'''

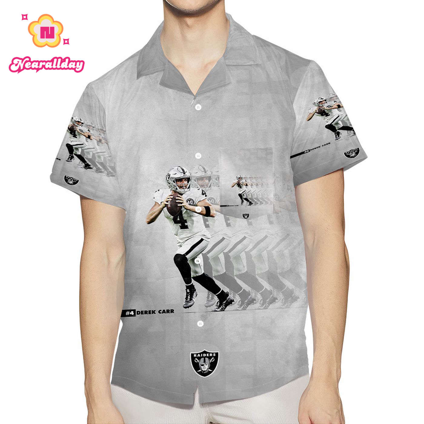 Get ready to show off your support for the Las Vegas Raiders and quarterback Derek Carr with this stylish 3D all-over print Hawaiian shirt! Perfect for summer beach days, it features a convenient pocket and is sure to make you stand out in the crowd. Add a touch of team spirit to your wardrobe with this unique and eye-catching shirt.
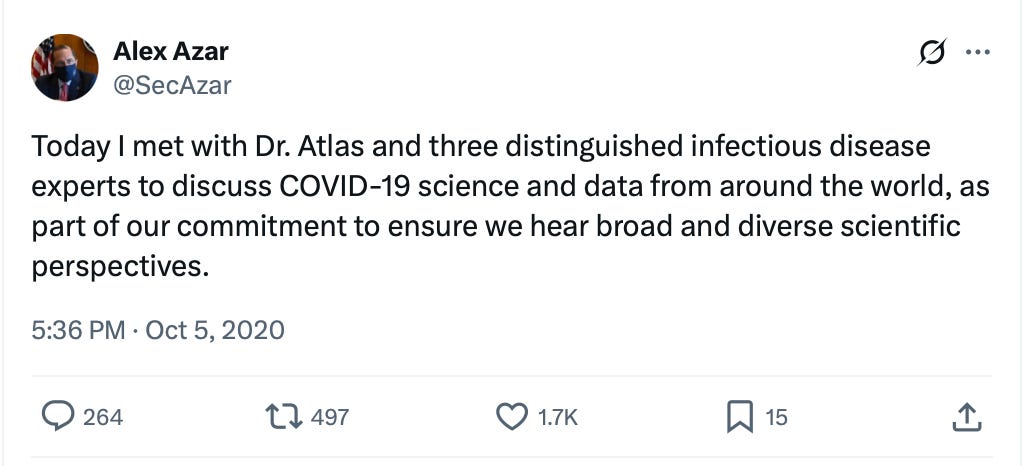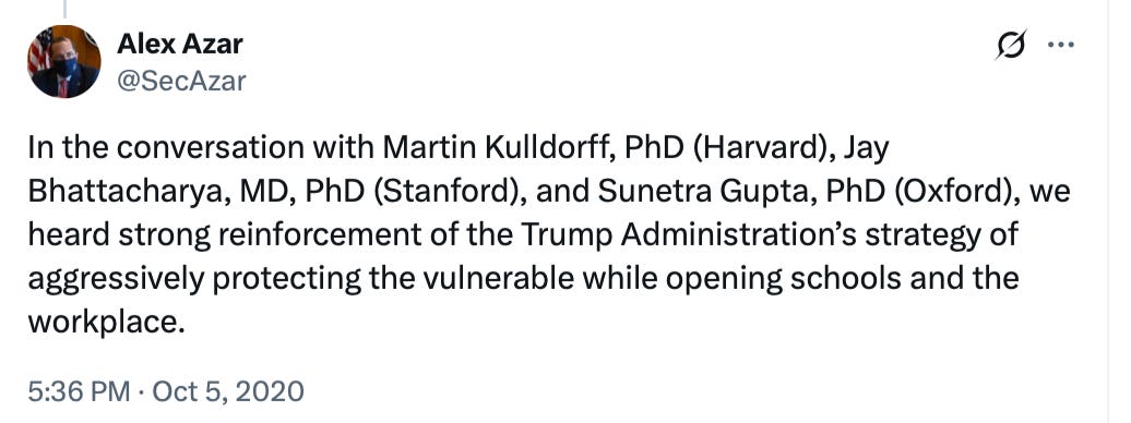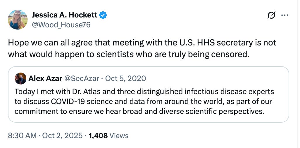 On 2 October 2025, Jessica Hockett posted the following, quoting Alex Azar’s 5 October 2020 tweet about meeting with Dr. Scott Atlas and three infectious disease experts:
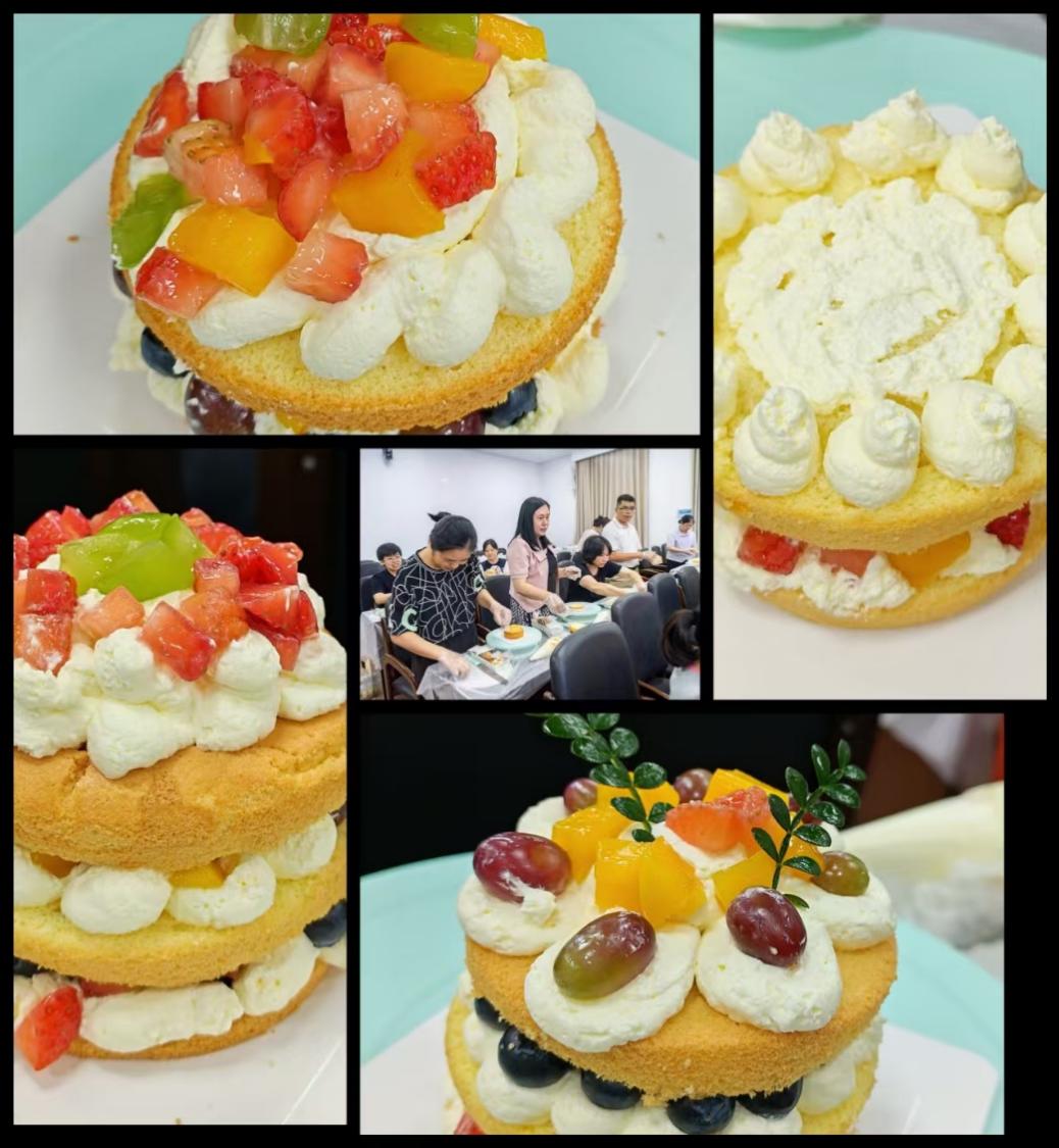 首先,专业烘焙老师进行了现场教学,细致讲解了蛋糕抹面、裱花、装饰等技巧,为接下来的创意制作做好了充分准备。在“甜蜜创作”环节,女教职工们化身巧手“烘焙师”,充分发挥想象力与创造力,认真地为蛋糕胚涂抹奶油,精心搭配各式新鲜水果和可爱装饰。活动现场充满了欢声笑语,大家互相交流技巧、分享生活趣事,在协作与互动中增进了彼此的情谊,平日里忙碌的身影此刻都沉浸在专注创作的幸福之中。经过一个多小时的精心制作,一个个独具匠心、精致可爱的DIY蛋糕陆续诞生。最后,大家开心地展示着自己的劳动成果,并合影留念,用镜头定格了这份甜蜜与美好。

'''
'''

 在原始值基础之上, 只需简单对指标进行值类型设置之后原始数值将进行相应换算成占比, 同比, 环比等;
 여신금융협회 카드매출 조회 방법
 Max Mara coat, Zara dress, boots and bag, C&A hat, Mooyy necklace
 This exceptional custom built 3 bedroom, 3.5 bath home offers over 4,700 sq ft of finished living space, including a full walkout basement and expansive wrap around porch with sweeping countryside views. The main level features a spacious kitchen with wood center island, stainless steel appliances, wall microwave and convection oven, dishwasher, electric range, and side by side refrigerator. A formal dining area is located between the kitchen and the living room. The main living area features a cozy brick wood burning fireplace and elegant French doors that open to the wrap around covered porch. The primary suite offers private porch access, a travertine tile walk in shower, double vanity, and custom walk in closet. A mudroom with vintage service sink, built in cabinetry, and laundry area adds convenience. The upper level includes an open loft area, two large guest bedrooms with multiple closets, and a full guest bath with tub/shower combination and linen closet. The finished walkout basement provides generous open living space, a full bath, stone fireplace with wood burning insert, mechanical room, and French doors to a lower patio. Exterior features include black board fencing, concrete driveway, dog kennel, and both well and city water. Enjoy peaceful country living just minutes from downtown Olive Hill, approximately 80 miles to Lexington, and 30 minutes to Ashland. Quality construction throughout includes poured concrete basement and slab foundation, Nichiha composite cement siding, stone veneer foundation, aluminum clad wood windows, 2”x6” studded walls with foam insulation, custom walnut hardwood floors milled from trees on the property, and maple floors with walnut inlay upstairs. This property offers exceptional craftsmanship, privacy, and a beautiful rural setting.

'''

_Work order:_
Reproduce, exactly as they stand in the data above, the lines from the one that holds "在原始值基础之上, 只需简单对指标进行值类型设置之后原始数值将进行相应换算成占比, 同比, 环比等;" to the one that holds "This exceptional custom", inclusive.

_Solution for this exercise:_
 在原始值基础之上, 只需简单对指标进行值类型设置之后原始数值将进行相应换算成占比, 同比, 环比等;
 여신금융협회 카드매출 조회 방법
 Max Mara coat, Zara dress, boots and bag, C&A hat, Mooyy necklace
 This exceptional custom built 3 bedroom, 3.5 bath home offers over 4,700 sq ft of finished living space, including a full walkout basement and expansive wrap around porch with sweeping countryside views. The main level features a spacious kitchen with wood center island, stainless steel appliances, wall microwave and convection oven, dishwasher, electric range, and side by side refrigerator. A formal dining area is located between the kitchen and the living room. The main living area features a cozy brick wood burning fireplace and elegant French doors that open to the wrap around covered porch. The primary suite offers private porch access, a travertine tile walk in shower, double vanity, and custom walk in closet. A mudroom with vintage service sink, built in cabinetry, and laundry area adds convenience. The upper level includes an open loft area, two large guest bedrooms with multiple closets, and a full guest bath with tub/shower combination and linen closet. The finished walkout basement provides generous open living space, a full bath, stone fireplace with wood burning insert, mechanical room, and French doors to a lower patio. Exterior features include black board fencing, concrete driveway, dog kennel, and both well and city water. Enjoy peaceful country living just minutes from downtown Olive Hill, approximately 80 miles to Lexington, and 30 minutes to Ashland. Quality construction throughout includes poured concrete basement and slab foundation, Nichiha composite cement siding, stone veneer foundation, aluminum clad wood windows, 2”x6” studded walls with foam insulation, custom walnut hardwood floors milled from trees on the property, and maple floors with walnut inlay upstairs. This property offers exceptional craftsmanship, privacy, and a beautiful rural setting.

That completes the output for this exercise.